*** Begin section ***

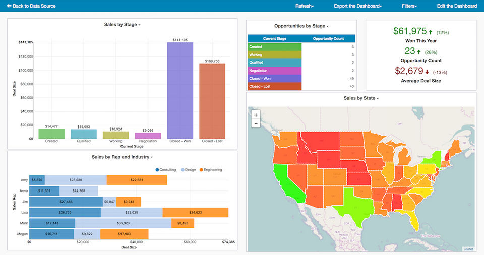 We are using Highrise,one of the most effective, but demanding CRM application. I must admit it was a challenge to discover an inherent reporting tool to integrate with it, so Easy Insight was a blessing for us. We generate incredibly accurate reports, able to showcase both drops and improvement at the glance of an eye.
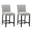 Elevate your kitchen or dining area with our stunning set of two Maya Kitchen Stools. Featuring a soft grey fabric seat and backrest for superior comfort, paired with the sleek black wooden legs, these stools will offer both elegance and practicality to your home. Their sturdy construction ensures they will offer durability for your families daily use while still looking stylish. Price is for a set of two (2) stools.
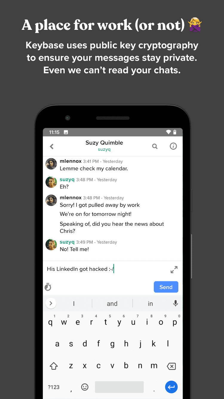 Keybase - мобильное приложение для Android, с помощью которого вы сможете безопасно обмениваться сообщениями и файлами с другими пользователями.

*** End section ***

Task prompt =>
Using the material above, set down every line exactly, but skip the pictures.

Expected output =>
 We are using Highrise,one of the most effective, but demanding CRM application. I must admit it was a challenge to discover an inherent reporting tool to integrate with it, so Easy Insight was a blessing for us. We generate incredibly accurate reports, able to showcase both drops and improvement at the glance of an eye.
 Elevate your kitchen or dining area with our stunning set of two Maya Kitchen Stools. Featuring a soft grey fabric seat and backrest for superior comfort, paired with the sleek black wooden legs, these stools will offer both elegance and practicality to your home. Their sturdy construction ensures they will offer durability for your families daily use while still looking stylish. Price is for a set of two (2) stools.
 Keybase - мобильное приложение для Android, с помощью которого вы сможете безопасно обмениваться сообщениями и файлами с другими пользователями.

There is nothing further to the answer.